Maria partecipa responsabilmente al dialogo con Dio non solo reagendo con il turbamento e chiedendo spiegazioni, ma soprattutto offrendo un consenso di fede perfetta, che viene fortemente sottolineato da Luca. Maria dichiara a Dio la propria disponibilità e aderisce pienamente alla Parola divina trasmessa dall’Angelo: "Eccomi, sono la serva del Signore. Si compia in me la tua parola" (Lc 1, 38).
Inoltre, la Vergine risponde a Dio con il culto e con la vita. È fedele praticante della legge di Mosè, partecipando ogni anno al pellegrinaggio a Gerusalemme in occasione della Pasqua e offrendo il paio di colombe o tortore per il riscatto del bambino (cfr. Lc 2, 21.24.39.41). Soprattutto, ella svolge con amore e responsabilità la sua missione materna nei riguardi di Gesù, prendendosi cura di lui e soffrendo dolori indicibili durante il triduo del suo smarrimento (cfr. Mt 2, 13.14.20-21; Lc 2, 7.48).

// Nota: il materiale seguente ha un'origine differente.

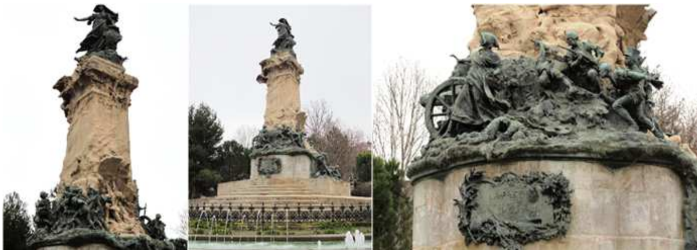
❶ La figura superior femenina se apoya en un escudo de la ciudad. ❷ Está rodeado el monumento con una fuente. ❸ Representación de Agustina de Aragón ante el cañón y arropada por gentes de la ciudad prestas a la defensa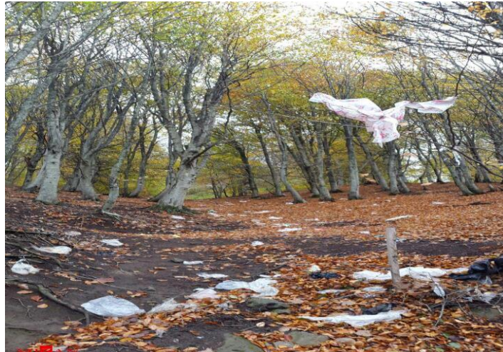
شکل ۳: جاده اسالم به خلخال ۳

پلاستیک‌های بی‌خزان، خزان اسالم به خلخال را تحت تأثیر قرار داده‌اند. باد که می‌وزد، به‌جای ریزش برگ صدای خش‌خش پلاستیک‌های لابه‌لای شاخه‌های درختان می‌آید. اطراف جاده پر از محله‌های انباشت زباله است. درختانی که پلاستیک جای برگ بر آنها رویده است، بی‌شمارند و نهادی برای رسیدگی به آنها وجود ندارد.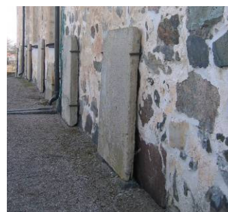
Yttertaket täcktes med koppar vid omläggning 1978. Vid senaste fasadrenoveringen 1994-95 borttogs all cement, lagningar gjordes med rent kalkbruk och kalkavfärgning i vitockra nyans.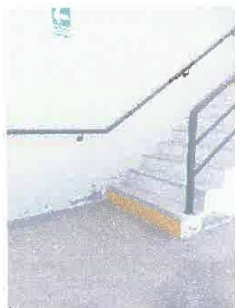
Imagen 04: Tratamiento anti salitre en graderías de emergencia.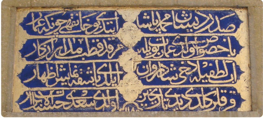
Resim 1. Şeyh Şaban Veli Külliyesi'nin Tamir Kitabesi (1778)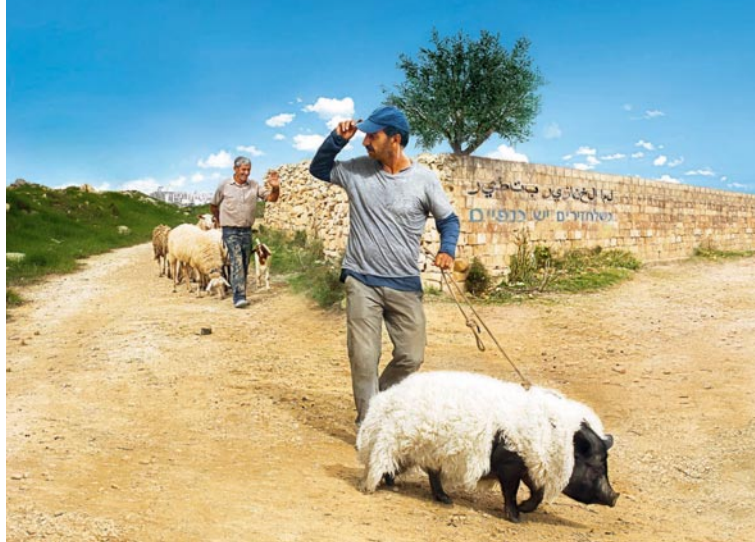
Das Schwein von Gaza

Maria, "donna dal cuore memore e sapiente"

Infine, il profilo spirituale tracciato da Luca presenta Maria come una donna riflessiva, che medita nel silenzio del suo cuore (cfr. Lc 2, 19.51) dopo aver innalzato a Dio il cantico di lode (cfr. Lc 1, 46-55). Estremamente suggestiva la figura di Maria "donna dal cuore memore e sapiente"! è la Vergine in contemplazione, che trasforma la storia in coscienza.
Gli eventi che riguardano Gesù, le parole che egli pronuncia, sono l’oggetto della sua memoria persistente e penetrante. Così Maria ripeteva in sé l’itinerario sapienziale che già aveva caratterizzato la fisionomia spirituale d’Israele.

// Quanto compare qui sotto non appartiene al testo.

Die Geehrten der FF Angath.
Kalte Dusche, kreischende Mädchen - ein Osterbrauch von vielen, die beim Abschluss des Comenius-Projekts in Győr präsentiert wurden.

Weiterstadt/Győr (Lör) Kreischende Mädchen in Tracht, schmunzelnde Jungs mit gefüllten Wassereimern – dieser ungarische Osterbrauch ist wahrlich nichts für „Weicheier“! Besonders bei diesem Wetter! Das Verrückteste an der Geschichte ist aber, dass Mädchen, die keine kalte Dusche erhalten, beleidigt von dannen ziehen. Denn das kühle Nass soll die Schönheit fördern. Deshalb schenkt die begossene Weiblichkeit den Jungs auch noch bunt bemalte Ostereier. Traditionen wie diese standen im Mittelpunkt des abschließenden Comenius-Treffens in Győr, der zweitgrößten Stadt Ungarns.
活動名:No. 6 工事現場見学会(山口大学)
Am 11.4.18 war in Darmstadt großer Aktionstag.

L’attività meditativa di Maria è resa da Luca con il participio symbállousa per indicare che ella "poneva a confronto, metteva insieme" i diversi aspetti del mistero di Cristo per poterli decifrare e comprendere. Maria fa l’esegesi degli eventi e parole riguardanti il Figlio, che rappresenta anche per lei un enigma permanente.
Possiamo concludere che Maria è icona, cioè rappresentazione concreta e viva, della Salvezza intesa dinamicamente come incontro dialogico tra Dio e l’uomo. In lei risplende l’azione di Dio che la salva e benedice ed insieme la risposta dell’uomo alla salvazione e benedizione di Dio.

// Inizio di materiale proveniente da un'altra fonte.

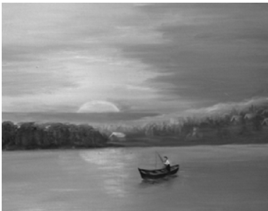
Varannai Margó festménye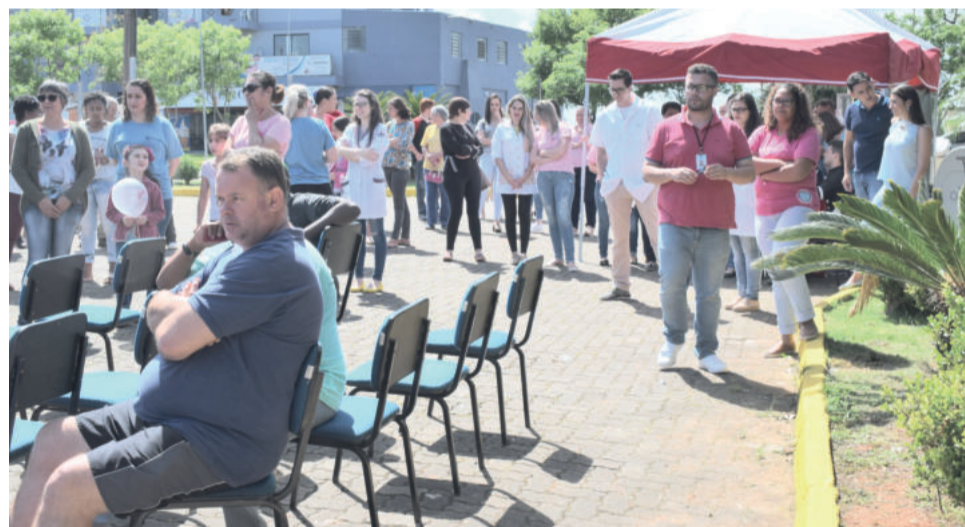
Novas salas foram apresentadas à comunidade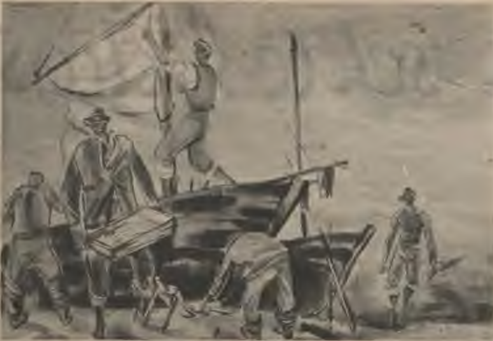
„Zvejnieki” — Gunars Hermanovska akvarelis.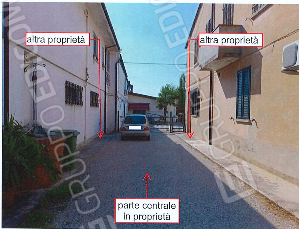
0.1 – accesso da P.zza XXI Giugno (da ovest)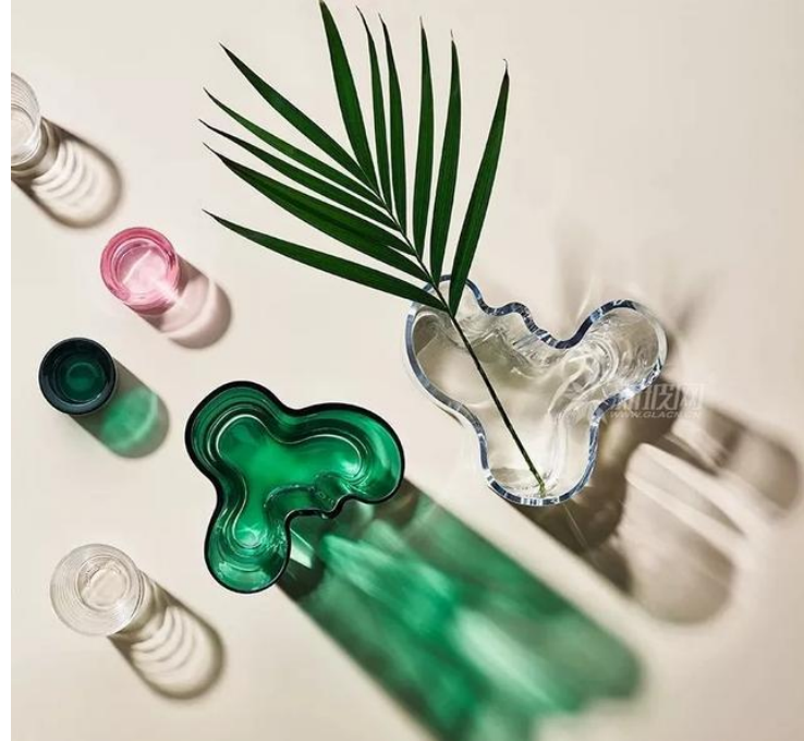
北欧风格芬兰传奇湖泊花瓶， Alvar Aalto 1963年设计

这是一款来自芬兰的湖泊玻璃花瓶，是设计大师阿尔瓦·阿尔托最著名的设计，它的灵感来自于芬兰蜿蜒的湖泊曲线。

Maria appare come un prisma terso e luminoso che riunisce e rifrange il massimo dato della fede che è la Salvezza, ovvero l’incontro vitale e trasformante di Dio con l’umanità. In questa linea Sant’Ambrogio giustamente osserva: "Non è da stupire che il Signore, dovendo redimere il mondo, abbia iniziato da Maria l’opera sua: se per mezzo di lei si apprestava la salvezza a tutti gli uomini, essa doveva essere la prima a cogliere dal Figlio il frutto di salvezza".
Con l’inizio e il termine della sua vita, secondo le verità maturate nella coscienza della Chiesa [Immacolata e Assunta], Maria illumina la vocazione primordiale alla santità da parte di tutti i chiamati e il traguardo finale cui la Chiesa tende. Maria unisce all’evento dialogico l’azione preveniente di Dio e quella definitiva della Redenzione totale per mezzo di Cristo nello Spirito.